Are We in Bubble Territory? Three Key Indicators
1. Participation Rate
Verdict: Not a bubble
9.6% market participation is low by developed country standards. Germany has double the rate, Anglo-Saxon countries even higher. France has room for growth.
2. Asset Allocation
Verdict: Caution warranted
While ETF growth is strong, French households still hold €3,900 billion in interest-bearing products versus only €250 billion in listed equities. The reallocation has barely begun. However, the crypto skew among new investors is concerning.
3. Behavior Patterns
Verdict: Mixed signals
The surge in DCA (Dollar Cost Averaging) strategies and passive investing suggests maturity. But the proliferation of “get-rich-quick” trading courses and social media influencers peddling complex derivatives points to euphoria in subsegments.

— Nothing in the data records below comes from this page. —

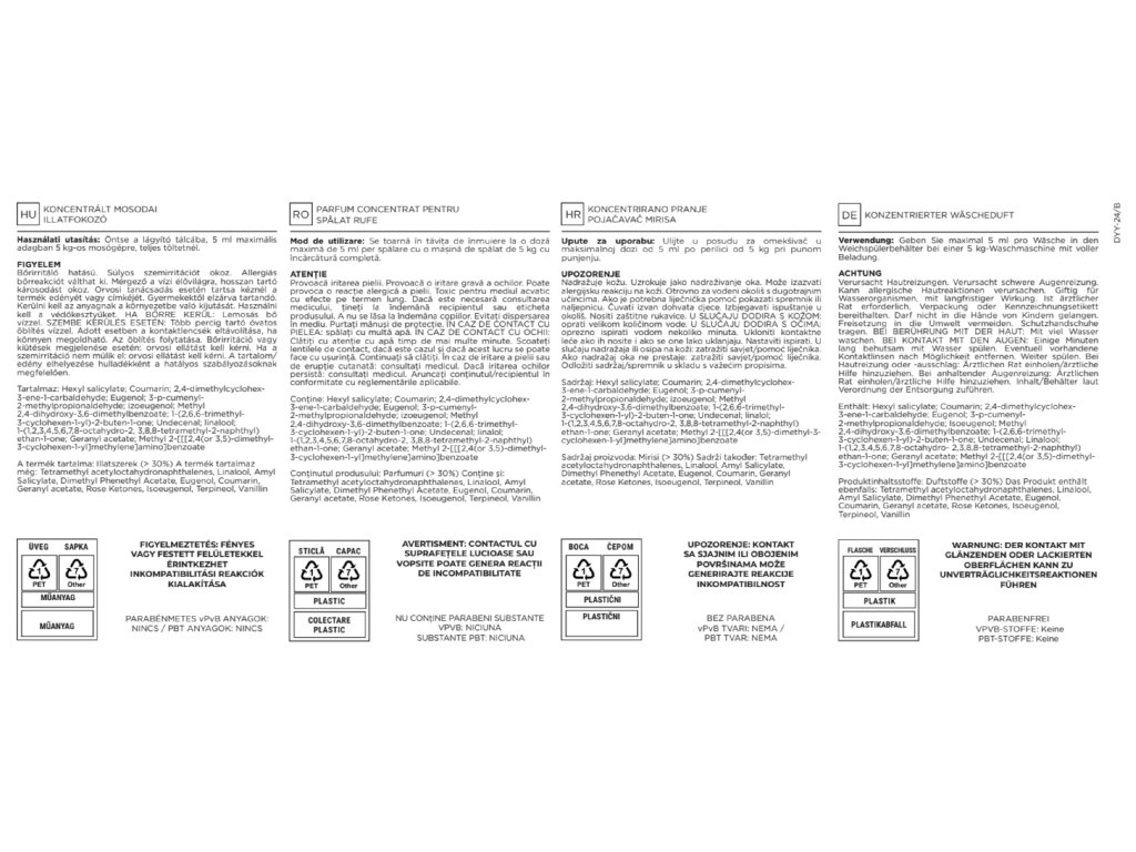 - Vorteil: Das Wäscheparfüm hinterlässt bei richtiger Anwendung und Dosierung keine Flecken und verursacht keine Schäden an den Textilien.
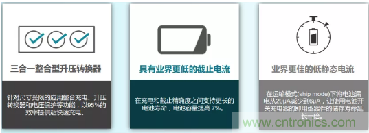 低截止電流有助于醫療和個人電子產品應用,如助聽器、耳塞和無線充電盒。隨著電池容量的增加,以及可設定充電計時器的輔助,使耳塞和充電盒的電池運行時間延長,大幅延長電池壽命,并減少使用時的充電次數。
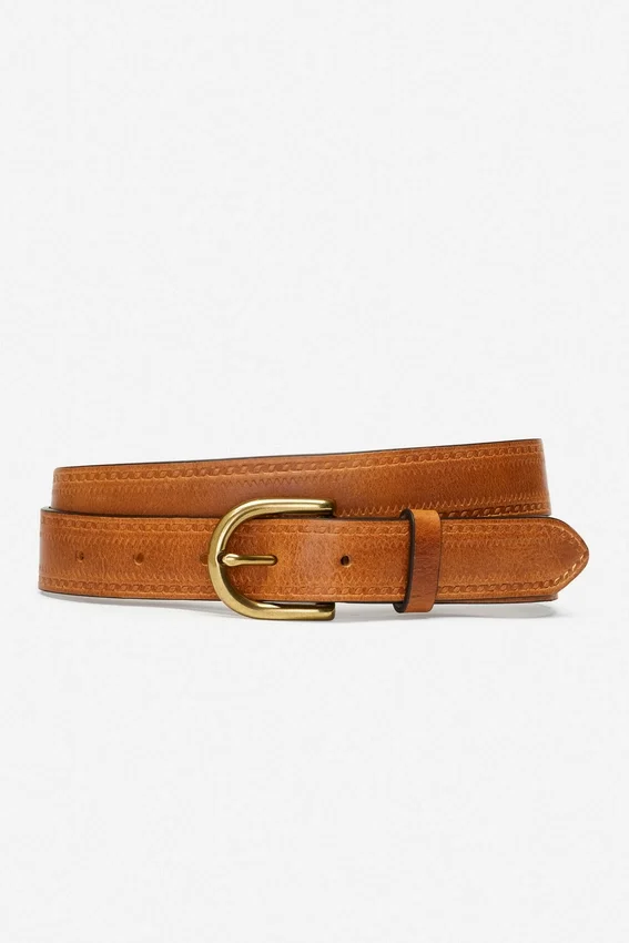 Largeur 3,2 cm | Cuir pleine fleur | Motif gaufré | Boucle en nickel mat | Boucle simple
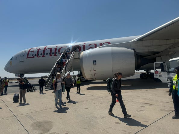 I did my best to get some sleep after the rather uninspiring meal. At Addis Ababa, I had just under two hours to change planes. Everyone had to go through security again, but the gate for the flight to Windhoek was only a short walk away. Then the woman behind the counter announced that the gate had been changed. This change was not reflected on the monitors, nor at the new gate, but the announcement did prove to be correct.

What French Investors Should Actually Do
Rather than timing the market based on dinner conversation frequency, focus on fundamentals:
1. Verify your bubble exposure
If your social circle is discussing ETF World allocations and PEA tax optimization, you’re in a financially literate bubble, not necessarily a market bubble. Check national statistics for perspective.
2. Beware the crypto gateway
If your first investment was crypto, pause before chasing the next shiny token. The AMF found crypto is the first “financial asset” for many new investors, a risky foundation.
3. Leverage the fee war wisely
Use platforms like Trade Republic or XTB for their zero-commission features, but don’t trade more just because it’s cheap. The best investment is often the one you don’t make.
4. Remember the PEA’s purpose
The five-year tax exemption encourages long-term holding. If you’re day trading within a PEA, you’re missing the point and likely overtrading.
5. Diversify beyond the echo chamber
French investors overconcentrate in European assets. Use PEA-eligible international ETFs to capture global growth, but don’t neglect traditional assurance-vie for estate planning advantages.
The Bottom Line
The shoeshine boy anecdote warns when everyone invests. In France, we’re not there yet. What we’re seeing is the financialization of savings (transformation of savings into financial assets) that Anglo-Saxon markets completed decades ago.
The real risk isn’t a 1929-style crash triggered by universal participation. It’s that new investors, lured by zero fees and crypto hype, lack the patience to weather inevitable corrections. The 4x growth in ETF investors since 2019 will face its first serious test during the next downturn.
Your cousin’s ETF knowledge isn’t the bubble signal. The signal is whether he’ll hold or panic-sell when markets drop 20%. That’s the difference between democratization and speculation.
For now, the data suggests France is maturing, not bubbling. But as any good French wine enthusiast knows, the best vintages require patience. The same applies to investing.